Dark Matters has been called ficto-criticism [i]— a way of combining theory and criticism, often with a feminist bent — into works that identify as fiction. While this tends to be a term bound up with new journalism, it is possible to see the bones of Hawthorne’s intent in Dark Matters as she unbraids the strands of the story and uncovers the mysterious, dangerous and unspoken area of stolen women, lesbian torture, and erasure of stories that go against the grain of patriarchal thinking.
It was Jacques Derrida who asked for a term that encompassed fictional works that sought to deform the limits of literature. Ficto-criticism has been thought to fill the void Derrida identified. Dark Matters is a complex, thoughtful, textured and confronting read, and Hawthorne makes use of many strands and complexities of narrative device and direction to reveal the very pit of the deep story. She holds the reader in a vortex of emotion and history. Using direct narration, convoluted diary/letter/poetry and archetypal characters, Hawthorne creates a meta-narrative that seeks to uncover the censored story.
Hawthorne demands her readers consider: who are we to be so complacent? It is this intention — even more than the disquieting narrative technique, the deforming and reforming of structure and modes of telling — that places Dark Matters into the category of ficto-criticism.
‘Dark Matters is the book I felt obliged to write,’ Hawthorne admits. ‘A conscience book that demanded airing. Stories like this need to be told. I have met survivors of the type of experience that my character Kate goes through.’[ii]
The central thread of the novel follows the experience of Desi, who has inherited her aunt Kate’s house. There are no instructions about what to do with the older woman’s piles of papers and the boxes of writings. As the novel opens, Desi has only just become aware of the dense mystery that crouches there among the words, waiting for her to have time to unpack it. It is Desi’s fresh and unpolished voice that carries this strand of the story — as she confides directly to the reader what she’s discovered about her aunt from the mess of papers and diaries left to her.
‘One day I was having a big clean up and about to junk the lot. I sat down to read a few scraps of paper and was bowled over…’ (p.4)

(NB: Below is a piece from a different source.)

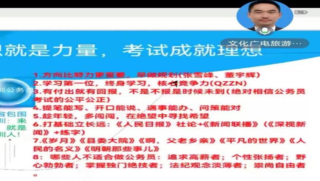 第四期邀请到2006级旅游管理专业蒋超校友,现任广东省深圳市大鹏新区文化广电旅游体育局旅游资源开发科科长。他以“旅游管理专业&公务员考试&深圳特区”为主题进行分享,与参会的同学们讨论旅游管理专业的就业前景,分享了公务员考试的准备策略,以及自己的成长故事和在深圳特区工作、生活的独特体验,激励大家面对困难和挑战时保持积极的态度,不断增强自信心和抗压能力。

What she discovers is the secret at the heart of the novel, the one that requires to be told as much through Hawthorne’s impetus as the character’s. At one level the question seems to be: what happened to Desi’s maiden aunt, Kate (or Ekaterina in her writings) when she went missing for several months towards the end of her life? But also, how did Kate survive what happened? And finally, core to this survival, what happened to Kate’s lover, Mercedes?
‘I really like Desi as a character’, Hawthorne says of her youthful central character. ‘She’s always in such a hurry.’[iii] And yet, Desi does take the time to read through the papers and find the diary that lays out Kate’s abduction. Through this very real association Desi gets to know her dead aunt intimately. Her attention to detail gives her access (with the reader almost looking over her shoulder) to a richer version of her own family history, as well as the way to survive extremes on a diet of myth and poetry.

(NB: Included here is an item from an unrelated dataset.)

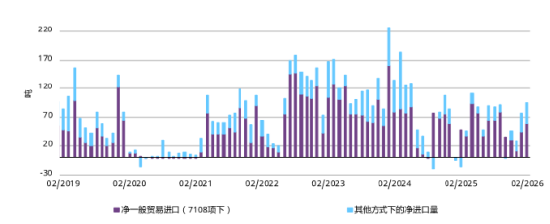 根据中国海关最新数据,2026年初中国黄金进口量有所回升,1月净进口量达77吨,与去年同期净出口6吨相比大幅增加。2月黄金净进口量达96吨,同比增加63吨。

When Kate was abducted from the house that Desi inherited she kept a diary of how she endured her incarceration and it is this actual document that carries another of the novel’s intertwining narratives. The intimate terrors are written in this diary — one that is made available through Desi’s opening of the boxes. In this way, we readers are not alone in enduring Kate’s experience. We have Desi there with us to witness.
Use of a diary is familiar technique, a way for the author to draw the reader aside into intimate space. It allows an author to use the direct voice of the confessional, so the document of the diary within the greater story is more ‘truthful’, more ‘real’. Hawthorne makes use of this in the relentless and almost daily writing of Kate’s experience in the hell where she is held captive. Among the other strands of her narrative, all the convincing voices layered over the tangled plot that Desi has to decipher with the reader on her heels, this ‘diary’ rings hollow.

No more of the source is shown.